* [About this exercise] Give the lines again exactly as they appear below, from the line with "We should all" to the line with "Taburete alto con", both included, and only those lines. Leave every picture out.
***** Supplied data
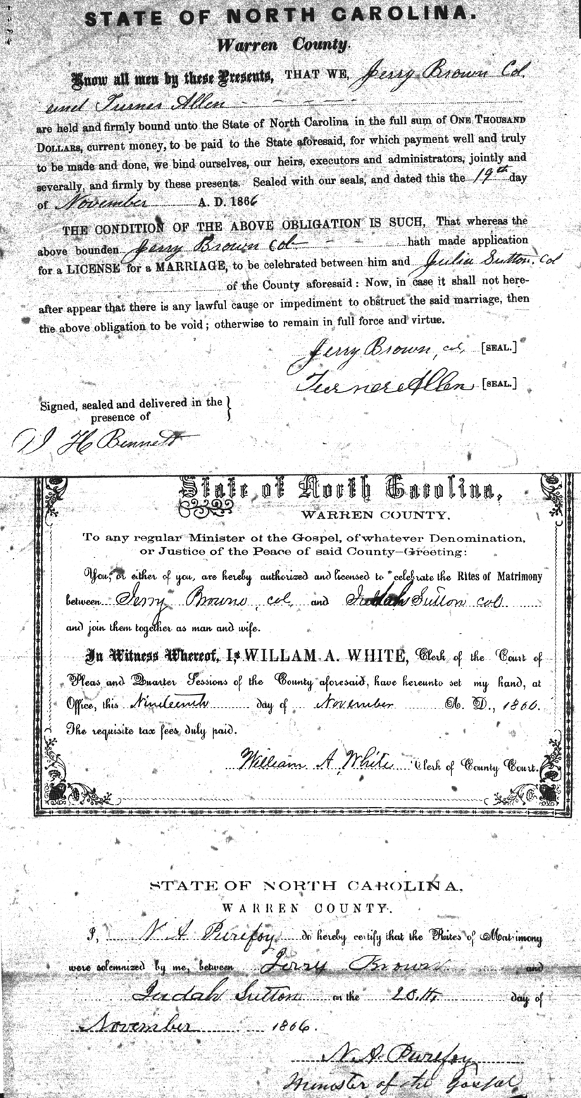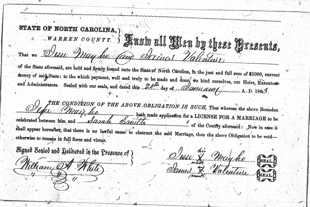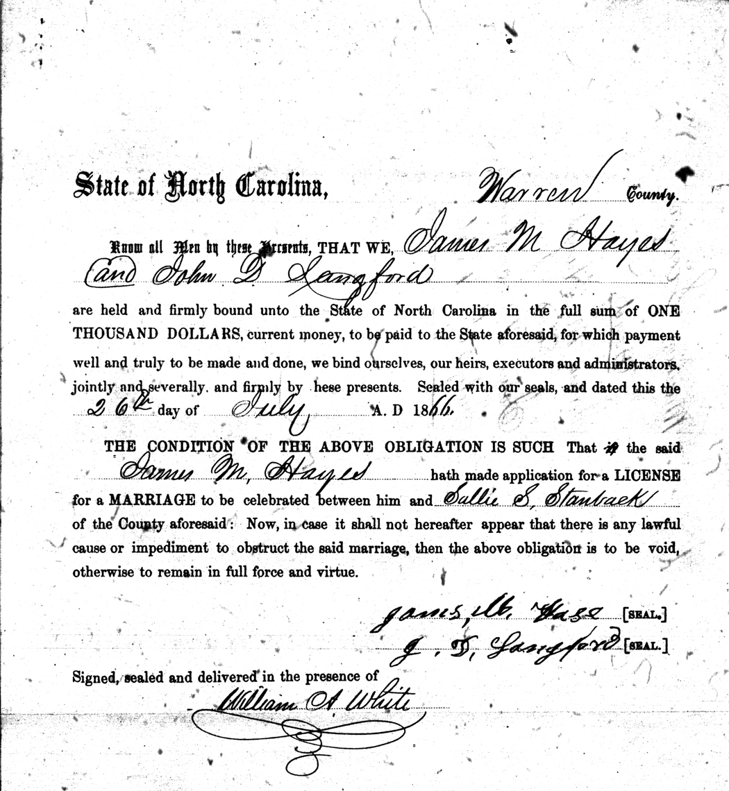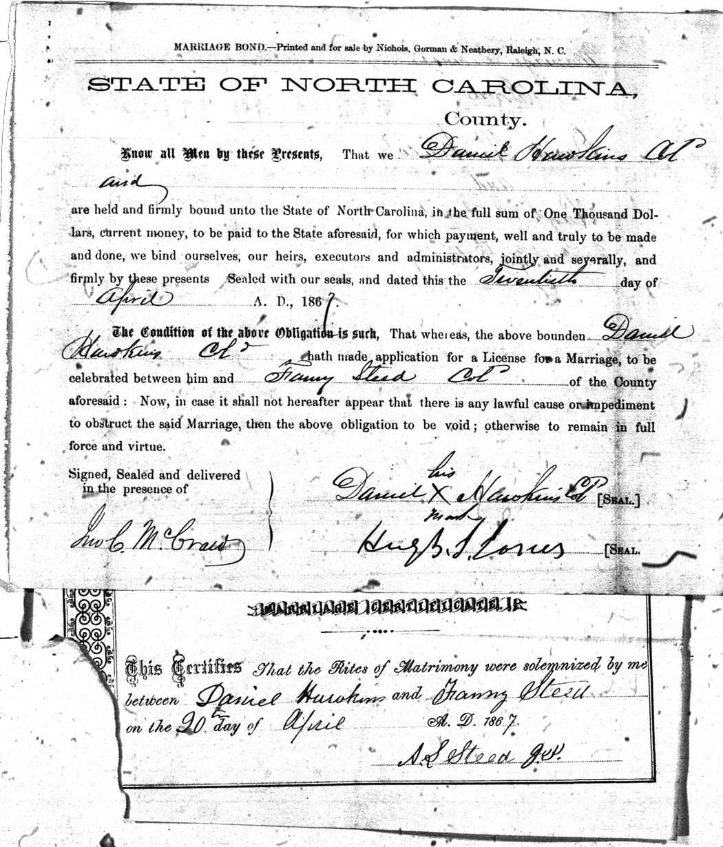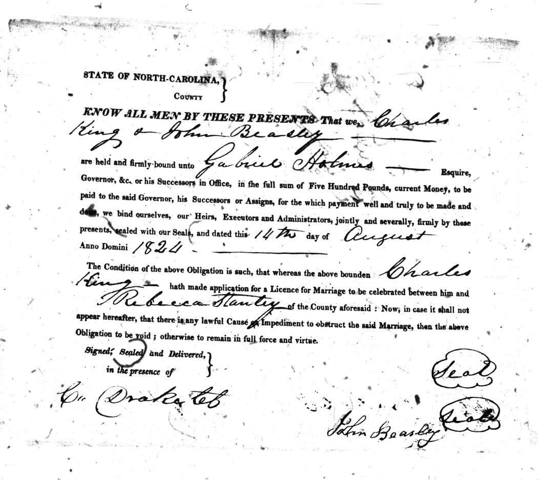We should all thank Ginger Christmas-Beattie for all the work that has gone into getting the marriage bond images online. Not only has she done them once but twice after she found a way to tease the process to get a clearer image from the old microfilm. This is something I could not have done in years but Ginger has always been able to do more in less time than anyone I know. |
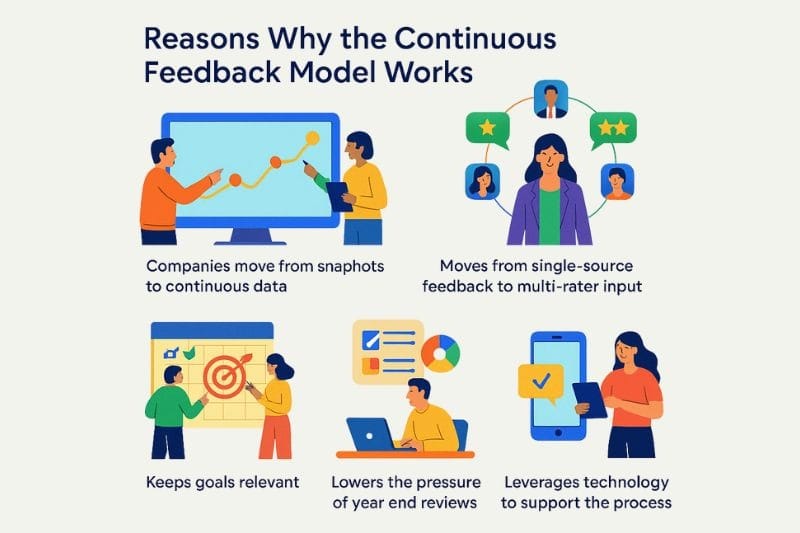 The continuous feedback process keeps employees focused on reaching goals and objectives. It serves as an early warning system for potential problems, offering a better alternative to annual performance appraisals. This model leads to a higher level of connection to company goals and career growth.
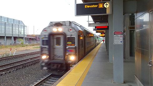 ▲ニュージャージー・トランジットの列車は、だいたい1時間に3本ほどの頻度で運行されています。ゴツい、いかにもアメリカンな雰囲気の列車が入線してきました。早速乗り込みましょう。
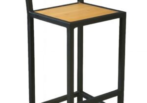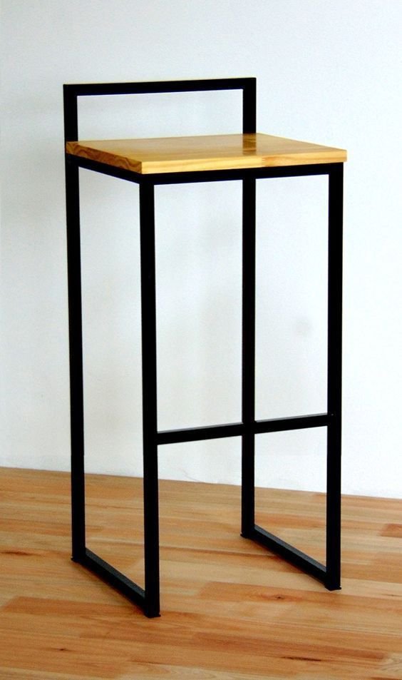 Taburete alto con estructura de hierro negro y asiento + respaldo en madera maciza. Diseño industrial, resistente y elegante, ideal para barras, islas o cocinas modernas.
**********
***** Supplied data
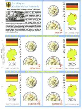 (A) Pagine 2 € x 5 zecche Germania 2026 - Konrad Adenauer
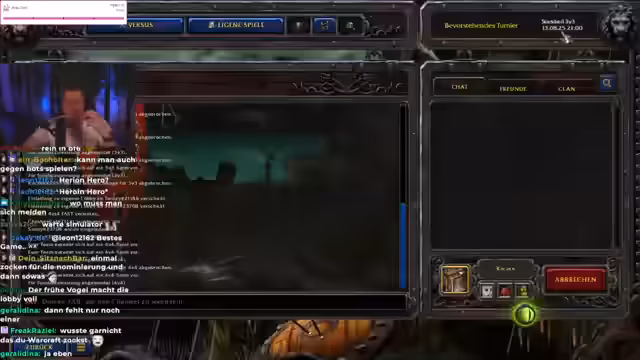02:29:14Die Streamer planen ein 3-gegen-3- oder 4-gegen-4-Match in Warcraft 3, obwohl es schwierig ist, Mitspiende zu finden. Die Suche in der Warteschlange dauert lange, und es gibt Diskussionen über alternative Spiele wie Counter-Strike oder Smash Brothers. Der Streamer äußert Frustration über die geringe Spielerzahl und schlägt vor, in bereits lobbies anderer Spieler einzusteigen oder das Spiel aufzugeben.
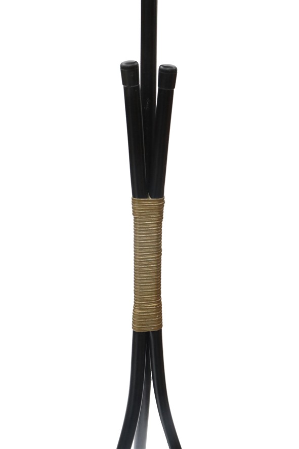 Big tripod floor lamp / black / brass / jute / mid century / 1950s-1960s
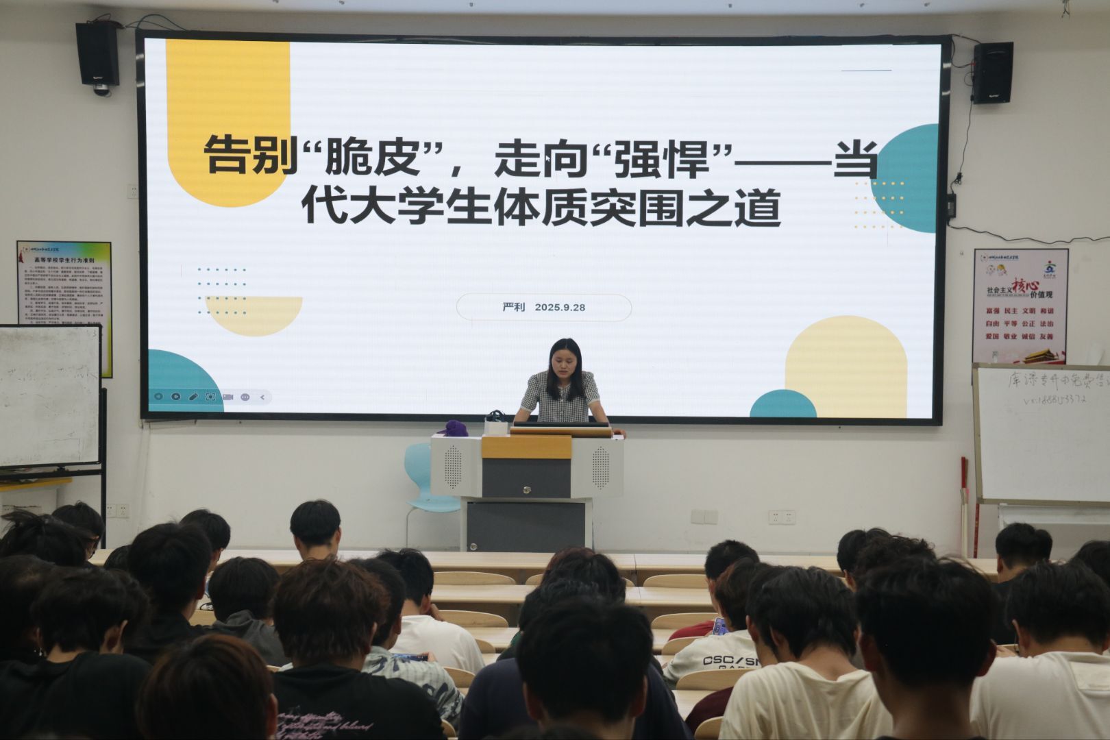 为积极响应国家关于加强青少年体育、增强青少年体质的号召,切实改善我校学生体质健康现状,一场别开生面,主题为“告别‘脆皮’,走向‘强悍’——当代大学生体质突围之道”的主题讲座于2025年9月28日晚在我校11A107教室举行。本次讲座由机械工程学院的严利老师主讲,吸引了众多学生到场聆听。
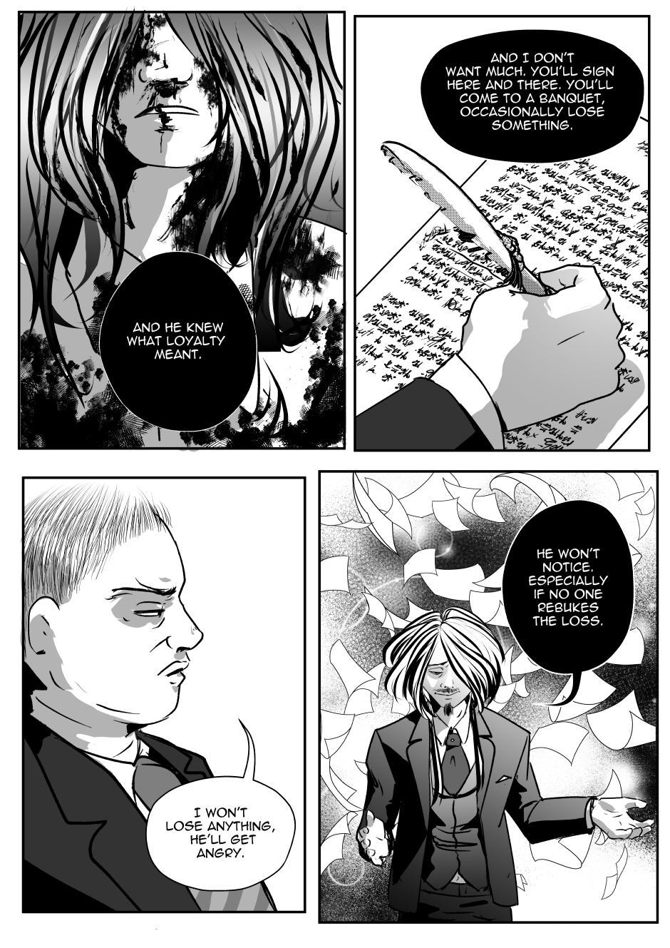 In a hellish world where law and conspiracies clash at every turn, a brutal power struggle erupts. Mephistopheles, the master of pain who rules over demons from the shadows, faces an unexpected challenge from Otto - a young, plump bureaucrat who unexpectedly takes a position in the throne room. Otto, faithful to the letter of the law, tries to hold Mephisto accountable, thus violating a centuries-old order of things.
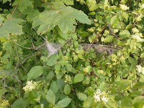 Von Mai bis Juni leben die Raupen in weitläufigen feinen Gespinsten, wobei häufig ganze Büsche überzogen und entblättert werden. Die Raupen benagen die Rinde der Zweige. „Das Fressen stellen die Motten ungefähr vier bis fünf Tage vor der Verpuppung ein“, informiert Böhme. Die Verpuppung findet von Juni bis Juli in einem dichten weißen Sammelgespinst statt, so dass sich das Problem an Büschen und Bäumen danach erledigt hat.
**********
***** Supplied data
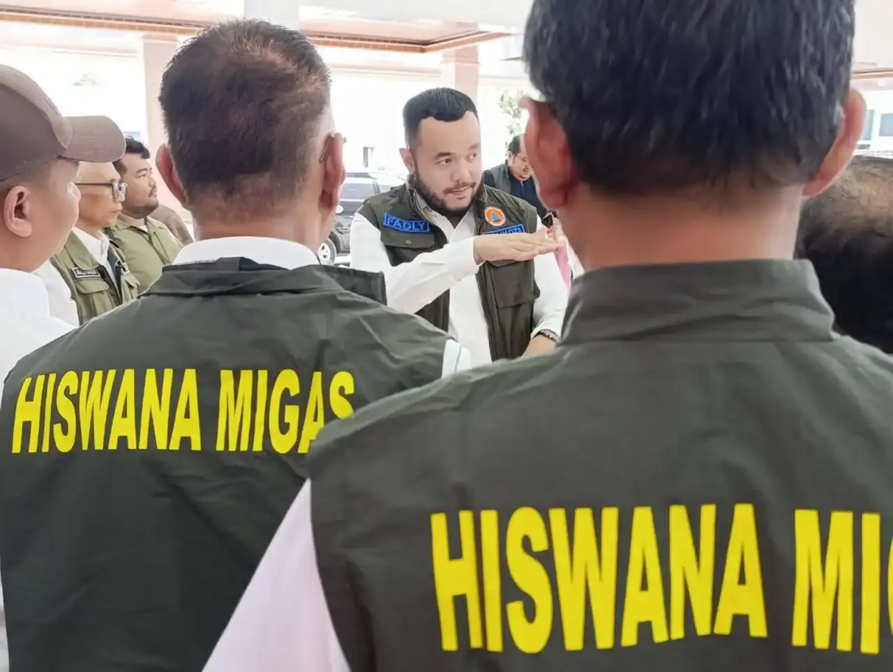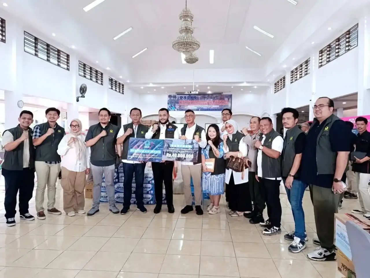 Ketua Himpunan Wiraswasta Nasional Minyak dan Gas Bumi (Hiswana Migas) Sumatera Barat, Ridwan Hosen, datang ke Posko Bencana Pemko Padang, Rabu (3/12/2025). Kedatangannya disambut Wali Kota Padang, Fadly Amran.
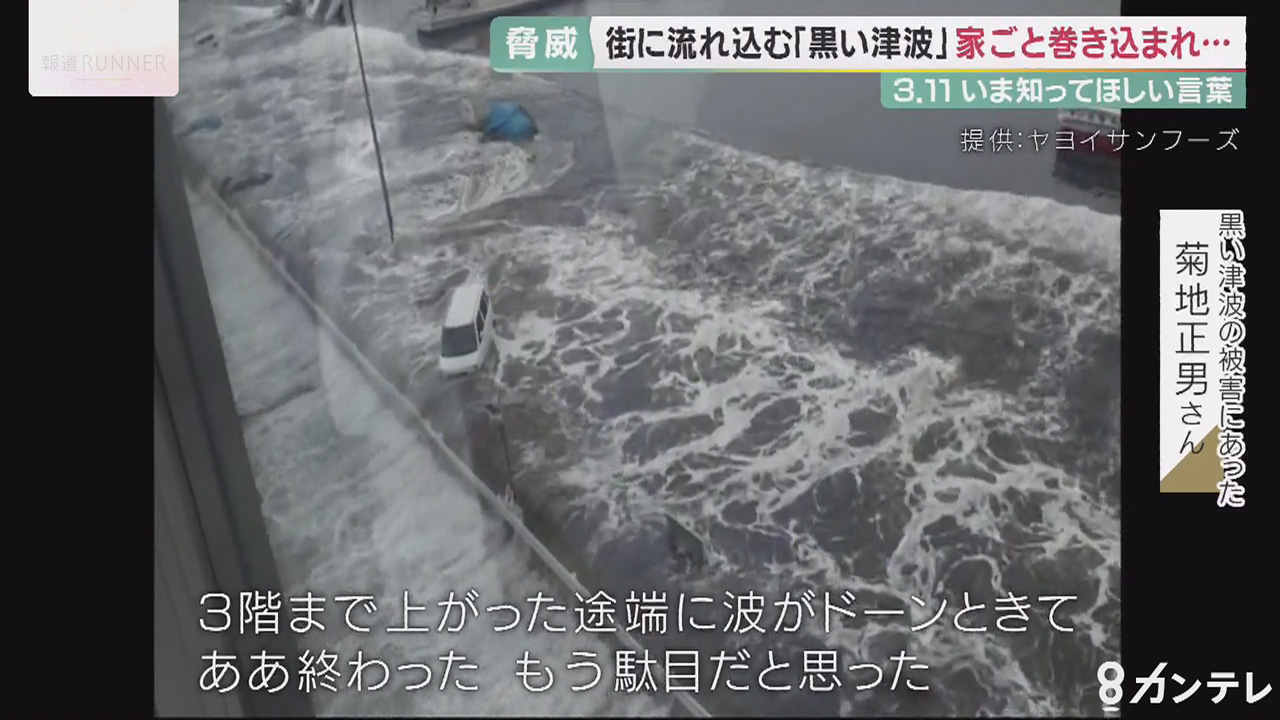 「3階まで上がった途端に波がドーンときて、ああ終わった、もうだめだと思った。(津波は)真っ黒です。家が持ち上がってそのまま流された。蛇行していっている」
**********
* [Written response]
We should all thank Ginger Christmas-Beattie for all the work that has gone into getting the marriage bond images online. Not only has she done them once but twice after she found a way to tease the process to get a clearer image from the old microfilm. This is something I could not have done in years but Ginger has always been able to do more in less time than anyone I know. |
 The continuous feedback process keeps employees focused on reaching goals and objectives. It serves as an early warning system for potential problems, offering a better alternative to annual performance appraisals. This model leads to a higher level of connection to company goals and career growth.
 ▲ニュージャージー・トランジットの列車は、だいたい1時間に3本ほどの頻度で運行されています。ゴツい、いかにもアメリカンな雰囲気の列車が入線してきました。早速乗り込みましょう。
 Taburete alto con estructura de hierro negro y asiento + respaldo en madera maciza. Diseño industrial, resistente y elegante, ideal para barras, islas o cocinas modernas.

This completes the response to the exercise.